Helena closed her eyes. Panic rolled through her. She wanted to tell him that she wasn’t in the mood for confessions. She wasn’t emotionally ready. But she’d just told him she was fine.

“I know you saw Meg today,” Elliott said. “I’m guessing you saw that she was…”

“That she was what?” Helena asked finally, when the nerves set in.

“She’s pregnant. With my baby,” Elliott said.

Helena felt the weight of the world on her shoulders. She hadn’t realized Meg was pregnant, although her hair had been lush and flowing, and she’d looked like a portrait of vitality.

“I see,” Helena said.

“Yeah. Well. I figured you’d learn it eventually, and I wanted you to learn it from me,” Elliott said. He thought of himself as the good guy, the hero. “But there’s more.”

Of course there was, Helena thought.

“Meg and I got together before you and me split up,” Elliott said. “We were having an affair.”

Helena pressed her hand over her mouth and told herself not to scream. She remembered how Elliott’s mood had shifted, how he’d become someone else. He’d wanted to shove Helena out of his life and replace her with Meg—one of their friends.

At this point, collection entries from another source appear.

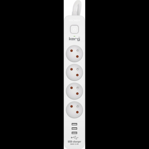 1 kép KERG M02413 Túlfeszültségvédő Elosztó 4 aljzatos 3xUSB-A 16A 1,5m - Fehér ( )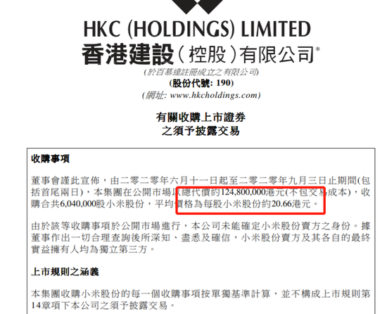 香港建设(00190)宣布,由2020年6月11日起至2020年9月3日止期间集团在公开市场以总代价约1.25亿港元,收购合共604万股小米(01810)股份,平均价格为每股约20.66港元。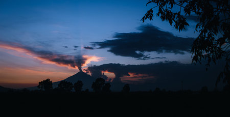 Stunning image of Popocatepetl Volcano in Mexico with an ash and vapor column at sunset, framed by silhouettes of trees and branches.

She wondered if Meg’s ex-husband knew. She guessed he did, as everyone in Orangeburg knew everything about everyone else.

Well, they didn’t know anything about Helena, at least, not till today.

A jolt of anger went through Helena, surprising her. “Why are you telling me this?”

After all, it didn’t matter if he’d been having an affair, not now that they’d been divorced for five years. They had different lives because they were strangers.

He sighed. “I guess I wanted to clear my conscience. Before the baby comes.”

Helena hung up on him after that. In the silence of her living room afterward, she gasped for air before finally getting up the energy to go to the kitchen and drink a glass of water.

She couldn’t believe she’d ever pledged her life to that man.